Recurrent Transition Networks for Character Locomotion
Manually authoring transition animations for a complete locomotion system can be a tedious and time-consuming task, especially for large games that allow complex and constrained locomotion movements, where the number of transitions grows exponentially with the number of states. In this paper, we present a novel approach, based on deep recurrent neural networks, to automatically generate such transitions given a past context of a few frames and a target character state to reach. We present the Recurrent Transition Network (RTN), based on a modified version of the Long-Short-Term-Memory (LSTM) network, designed specifically for transition generation and trained without any gait, phase, contact or action labels. We further propose a simple yet principled way to initialize the hidden states of the LSTM layer for a given sequence which improves the performance and generalization to new motions. We both quantitatively and qualitatively evaluate our system and show that making the network terrain-aware by adding a local terrain representation to the input yields better performance for rough-terrain navigation on long transitions. Our system produces realistic and fluid transitions that rival the quality of Motion Capture-based ground-truth motions, even before applying any inverse-kinematics postprocess. Direct benefits of our approach could be to accelerate the creation of transition variations for large coverage, or even to entirely replace transition nodes in an animation graph. We further explore applications of this model in a animation super-resolution setting where we temporally decompress animations saved at 1 frame per second and show that the network is able to reconstruct motions that are hard to distinguish from un-compressed locomotion sequences.
💡 Research Summary
The paper tackles the long‑standing bottleneck of manually authoring transition animations for character locomotion, which becomes prohibitive as the number of states grows. The authors introduce the Recurrent Transition Network (RTN), a deep learning model built on a modified Long‑Short‑Term‑Memory (LSTM) architecture, that can synthesize realistic transition clips given only a short history of past frames and a target pose or locomotion direction.
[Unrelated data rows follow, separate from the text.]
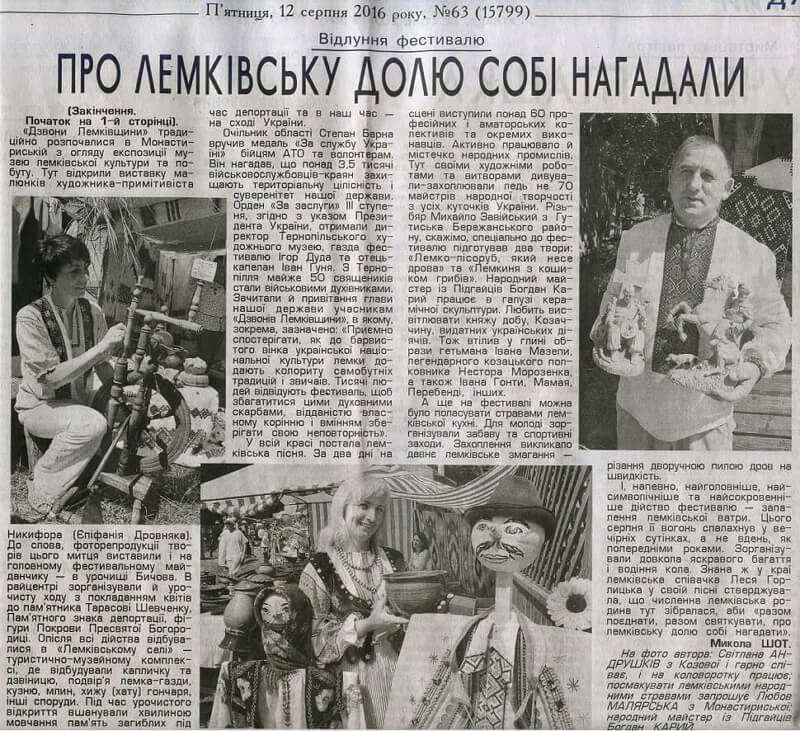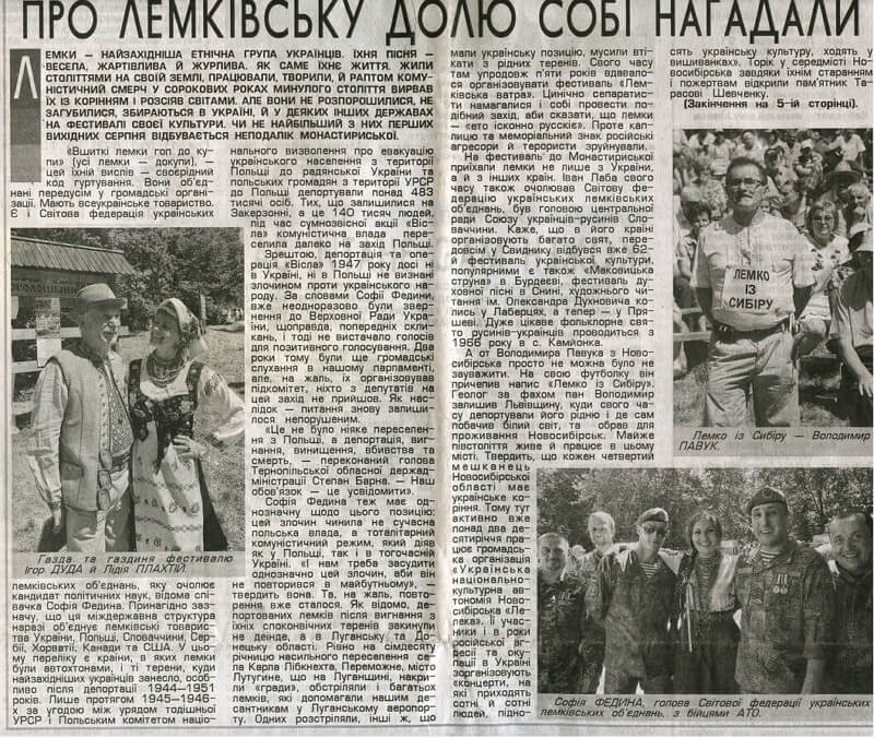 Про лемківську долю собі нагадали Ivanna Skliarova 13 серпня 2016 Перегляди: 563 Стаття у газеті "Вільне життя" №63(15799) від 12 серпня 2016 року Facebook Twitter Попередня Наступна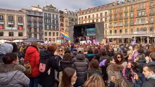 Con motivo de la celebración, este 8 de marzo, del Día Internacional de la Mujer, el colectivo feminista ha convocado en la Plaza del Castillo de Pamplona una concentración en la que han participado cientos de personas, muchas de ellas portando prendas de color morado, y en la que se ha coreado la consigna 'Gora borroka feminista' ('Viva la lucha feminista').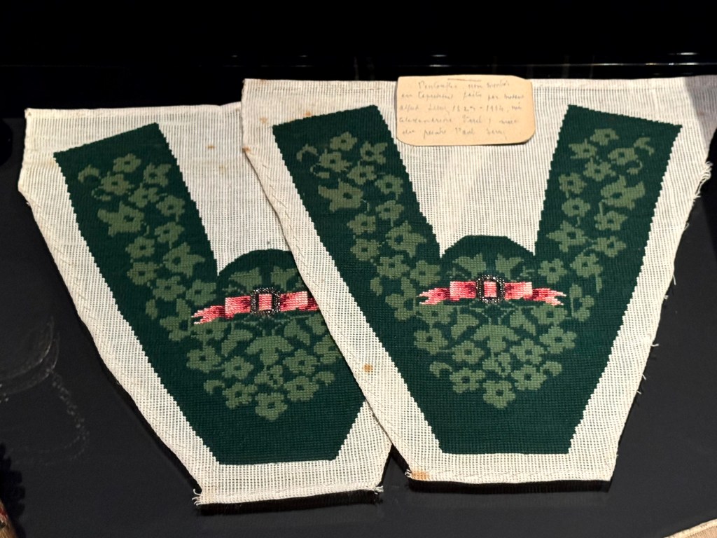 En ik zag 19de-eeuwse pantoffels waarvan de stof al geborduurd is maar die nooit in elkaar gezet zijn.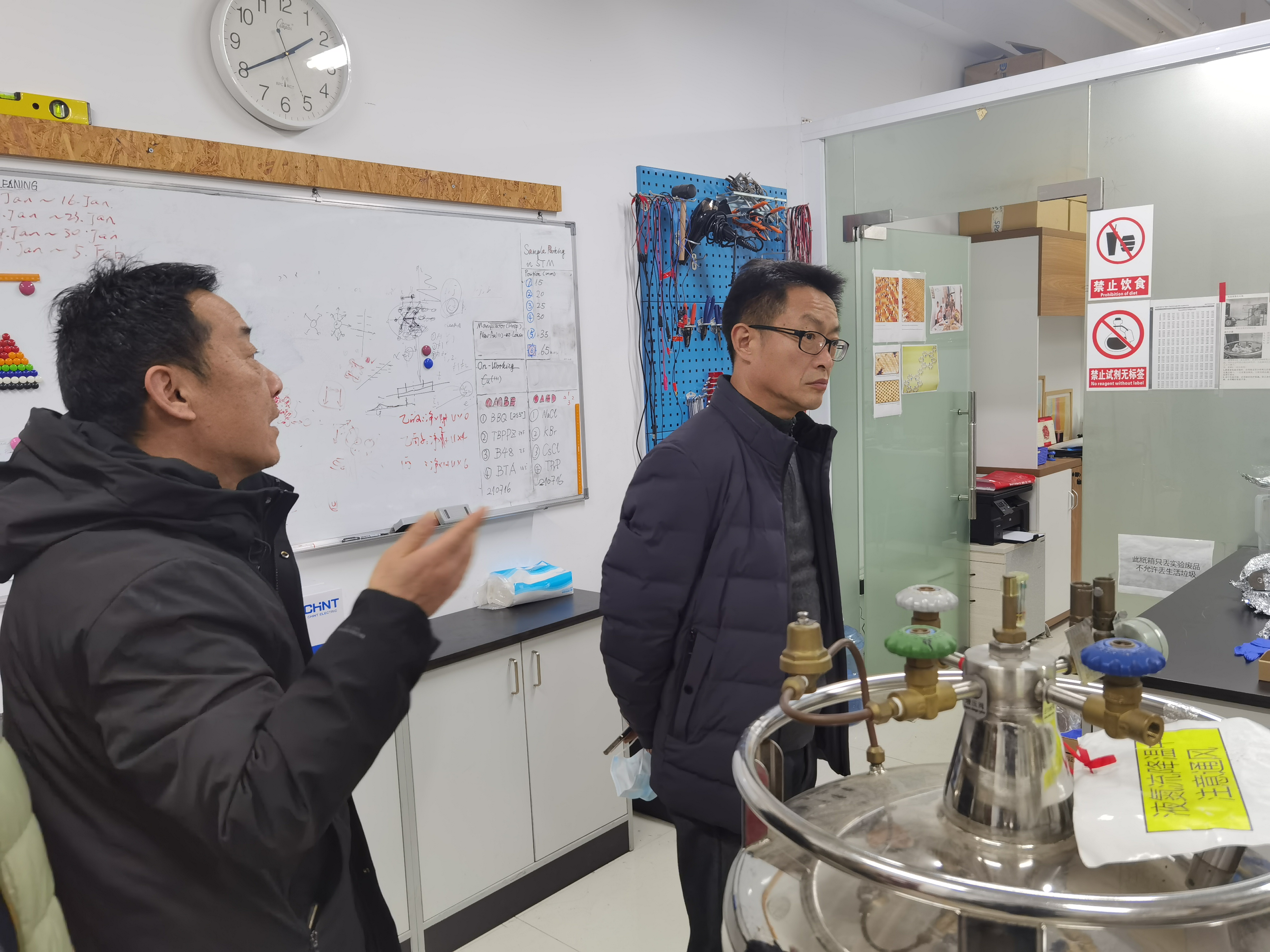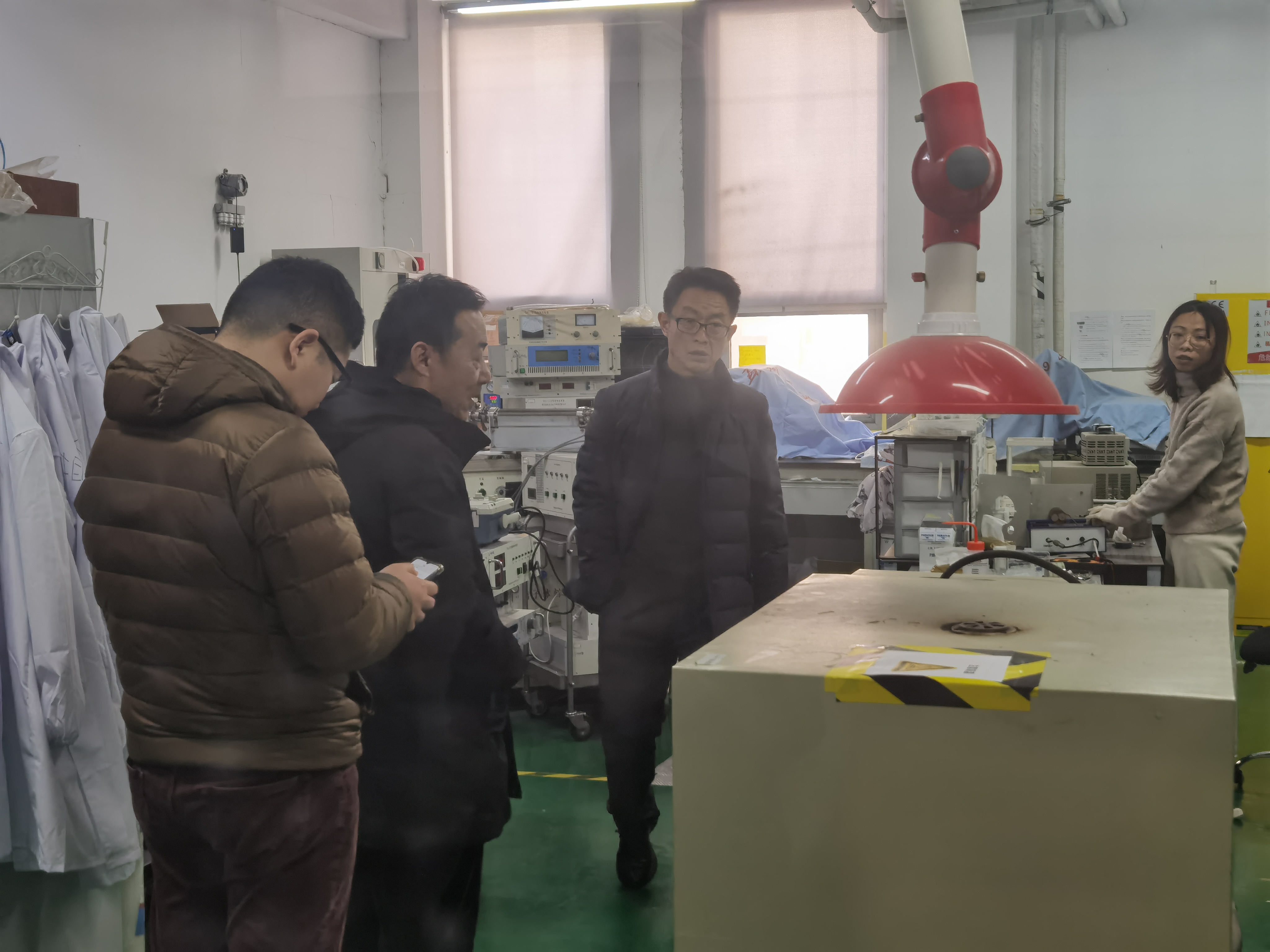 为进一步加强实验室安全管理工作,保障师生员工人身和禁漫天堂 财产安全,有效地筑牢假期实验室安全屏障,根据学校有关要求,物理禁漫天堂 于1月15日下午开展了实验室安全大检查。禁漫天堂 党委书记杨礼富、党委副书记谢燕兰、杭志宏副院长、周丽萍副院长,以及实验室安全工作小组的其他相关老师和研究生安全员共同参与检查。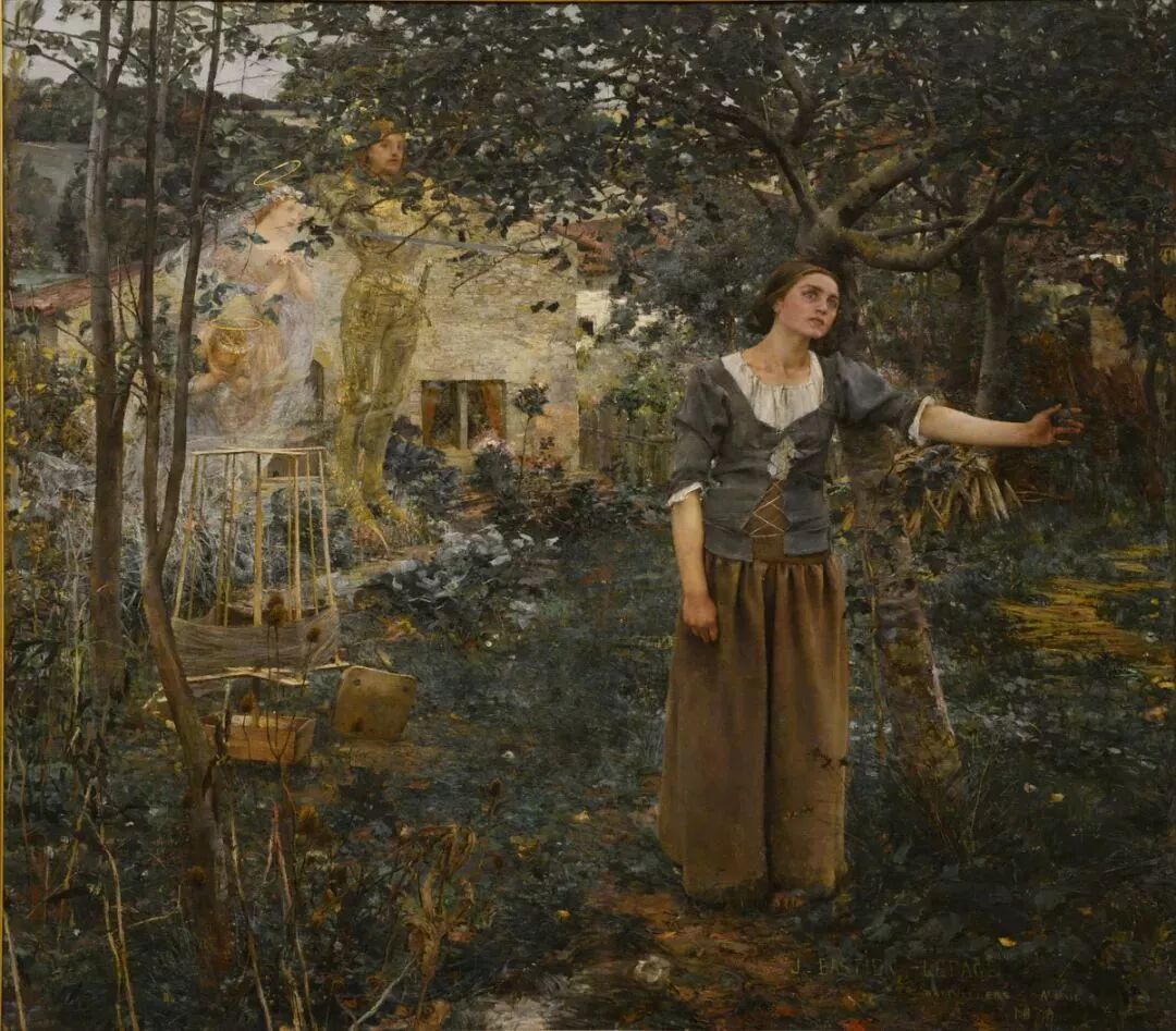 《圣女贞德》创作于1879年,这幅画颇具新古典主义借古喻今的精神内涵。此画借描绘圣女贞德的典故号召人们对侵略者坚强抵抗,重新夺回失去的土地。勒帕热在此画中并没有把贞德描绘成一个传奇色彩的英雄人物,而是刻画了一个站在农场中的农家女子,虽是历史题材,但仍失不自然主义的风貌。勒帕热意在用历史典故去挖掘乡土题材的可能性,此画更强调了自然主义绘画的社会功能。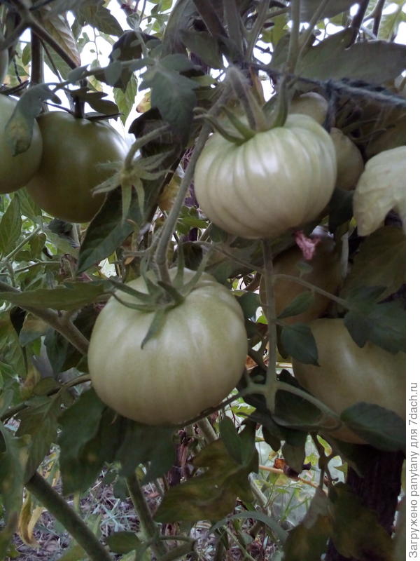 Этот томат склонен к образованию «зеленых плечей». Но это в том году еще мало плодов созрело, а те, что созрели, те без «плечей».

Key technical contributions are threefold. First, the input to the network concatenates a “past context” (joint positions and velocities of the last few frames) with an explicit “target state” (desired pose and movement vector). This dual conditioning tells the model exactly where the motion starts and where it must end, eliminating the need for hand‑crafted phase or contact labels. Second, the authors propose a principled hidden‑state initialization scheme: before generating a transition, they run the first frame of the target sequence through a lightweight encoder and use the resulting feature vector to seed the LSTM’s hidden and cell states. By injecting information about the intended motion trajectory at time‑step zero, the network avoids abrupt, physically implausible jumps and generalizes better to unseen target combinations. Third, they augment the input with a compact local terrain representation (a small height‑map around the character). This makes the model terrain‑aware, allowing it to predict foot‑ground contacts accurately even on uneven or sloped surfaces, which is crucial for long‑duration transitions.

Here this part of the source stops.